Another big ticket Amedeo Modigliani portrait is coming to auction at Sotheby’s London, in the Impressionist and modern art evening sale on June 21. Featuring Modigliani’s lover, artist Jeanne Hébuterne, the painting is expected to fetch more than £28 million ($40 million), according to a press release.
The auction house writes that the canvas, titled Jeanne Hébuterne (Au Foulard), “reveals a tender moment between a pioneering Modernist and his loyal muse.”
The painter met Hébuterne, a young art student, in 1917, and the two were said to be inseparable for the last three years of Modigliani’s life. Following his death of tuberculous in 1920, Hébuterne, who was reportedly pregnant with their child, committed suicide by jumping out of a window.
The painting, despite its tragic air, is unlikely to match the $170 million sale price achieved by Modigliani’s Nu Couché (Reclining Nude), 1917–18, which became the second-most expensive painting ever sold at auction at Christie’s New York in November 2015. Needless to say, the final hammer price was considerably more than the already-impressive $100 million pre-sale estimate.
According to the artnet Price Database, a sale of $40 million would make Jeanne Hébuterne the seventh most expensive work by the artist to come to auction. Prior to Nu Couché, Modigliani’s record belonged to the stone sculpture Tête (1911–12), which fetched $70.7 million at Sotheby’s New York in November 2014. A similar work by the same name (circa 1910–12) brought in $43.1 million ($52.3 million) at Christie’s Paris in June 2010. And another nude portrait, Nu assis sur un divan (La belle romaine), 1917, sold for $69 million, also at Sotheby’s New York, in 2010.
The artists’s fifth- and sixth-most valuable works are two other portraits of women: Paulette Jourdain (circa 1919), sold for $42.8 million at Sotheby’s New York in November 2015; and Jeanne Hébuterne (Au chapeau), 1919, which went for £26.9 million ($42.1 million) at Christie’s London in February 2013.

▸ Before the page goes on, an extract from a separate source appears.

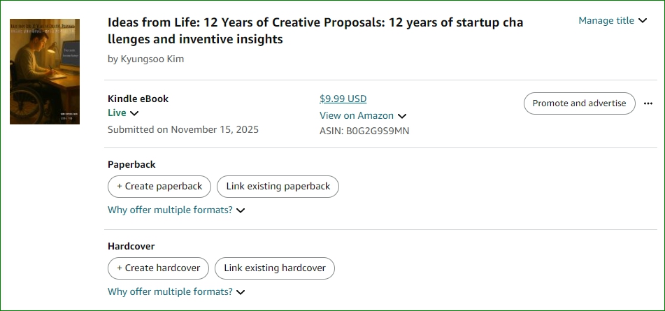 아마존 한국에는 부크크에 등록이 되어 있습니다.

The Hébuterne canvas has been in a private collection since 1986, and is expected, along with Pablo Picasso‘s Femme Assise (1909), an early Cubist portrait, to spark increased interest in the upcoming sale.
“There is such a fascinating dialogue between the Modigliani portrait of Jeanne and the Cubist portrait of Fernande by Picasso,” noted Thomas Bompard, Sotheby’s head of Impressionist and modern art evening sales, in a statement. “Obsessed by their lovers’ features, both brought the art of portraiture into the modern era. One is expressed in beautiful curves and colors, the other is all about sharp angles and light effects.”